Welcome to my blog. I have had ALS for 10 years now.

Since I started this blog in June 2008 I've had amazing feedback. Family, friends, people from all over North America, Australia, Scotland, England, and places I can't recall, have commented, encouraged and corresponded. I had no idea when Cynthia taught me how to set this up, how much I would love posting and how many people would read it. I want to say THANK YOU to everyone who has helped propel this therapeutic exercise into a daily routine. All of you, both friends and visitors, are now part of my blog family.

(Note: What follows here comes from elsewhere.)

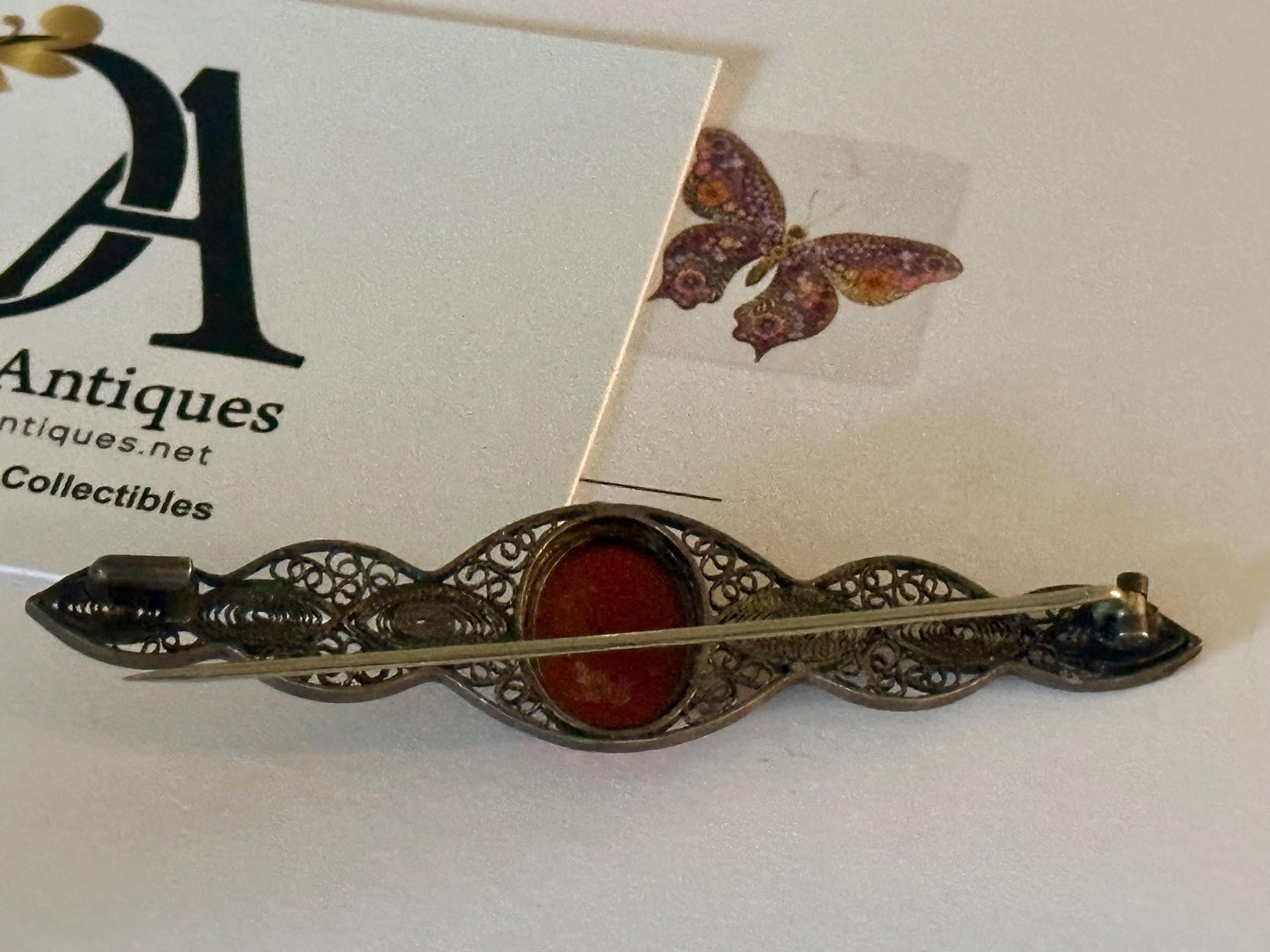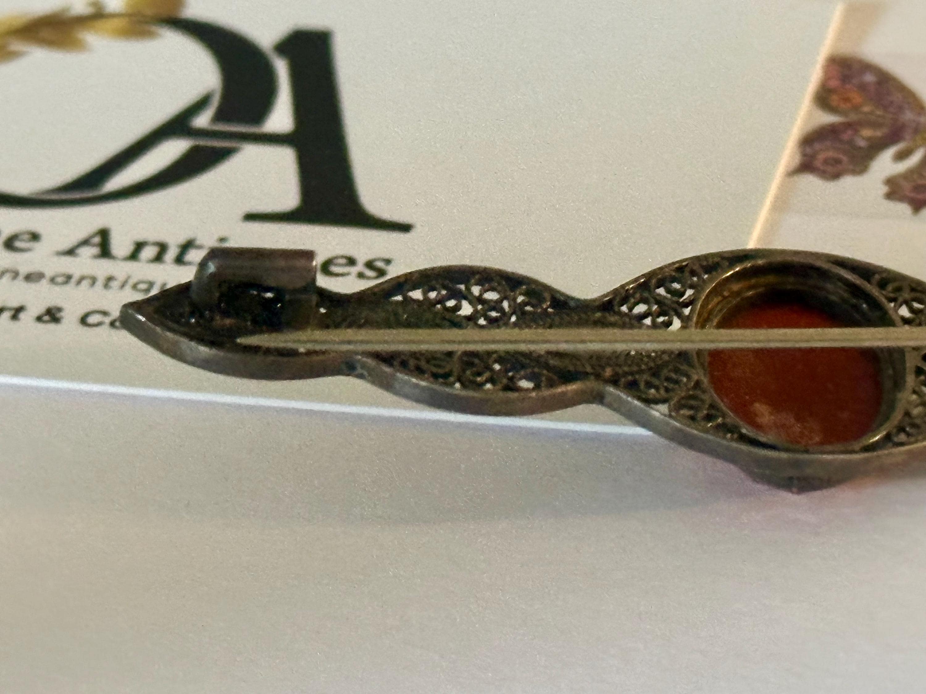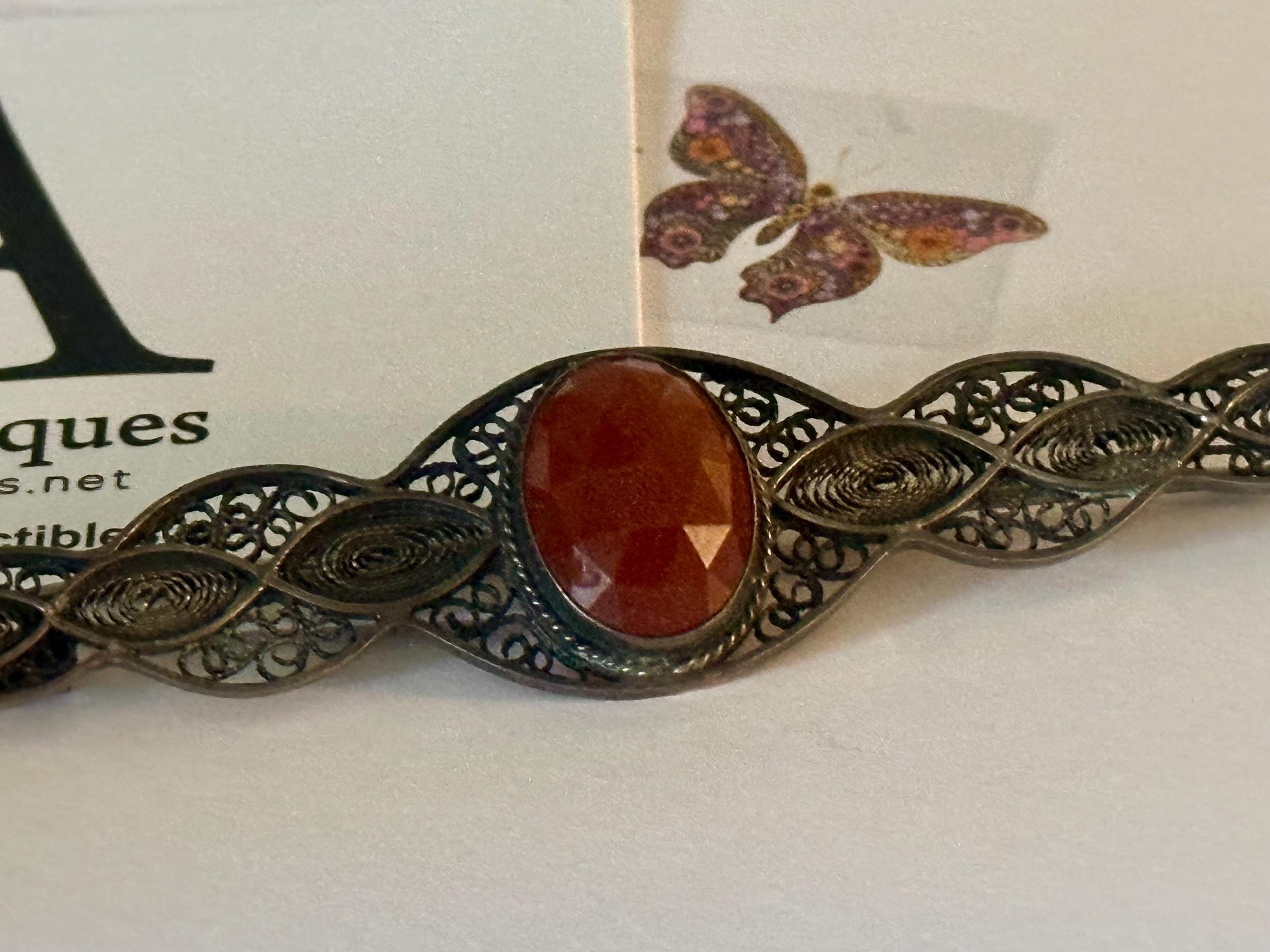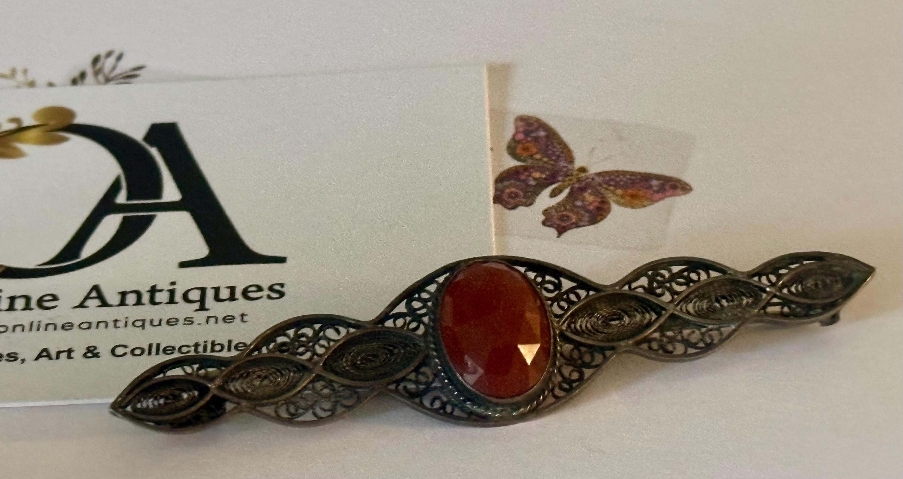 Antique White Metal Filigree Bar Booch With An Oval Carnelian Coloured Stone

Welcome.

From Go Pro

From Go Pro
View from my living room

Thursday, January 5, 2012

"Change is good as long as you don't have to do anything different." Maxine

ALS demands me to adjust to ongoing changes. Sometimes I accept it and other times I fight it. I was happy to have a power chair as I wanted to get around. I gave up my car without argument as I didn't want to injure anyone including myself. Now it gets harder. I surprised myself when I balked at learning how to use speech devices--somehow I thought delaying the process was going to make my voice last longer. How silly was that!? Denial is a restful state. When it was evident that I had to give up the 'Sit to Stand' lift I got angry at my arms. It didn't improve their strength by the way--just caused further frustration. Surprise surprise. The BiPap(breathing device), I accepted as I figured out it was a good idea to keep breathing--and it was. I cry easily when something doesn't work but I have learned to laugh when my body doesn't work. I will continue to whine off and on--ignore me. I will manage just fine. We all need to give ourselves permission to grieve our losses and lean on our carers, friends and family to renew our strength. As I experience more weakness and eventually total paralysis, I will not lean on you, I will rely on you.

1 comment:

Alice said...

praying for you, dear karyn, i don't even know that i could do what you are doing. God bless you! still praying and believing for a cure to ALS.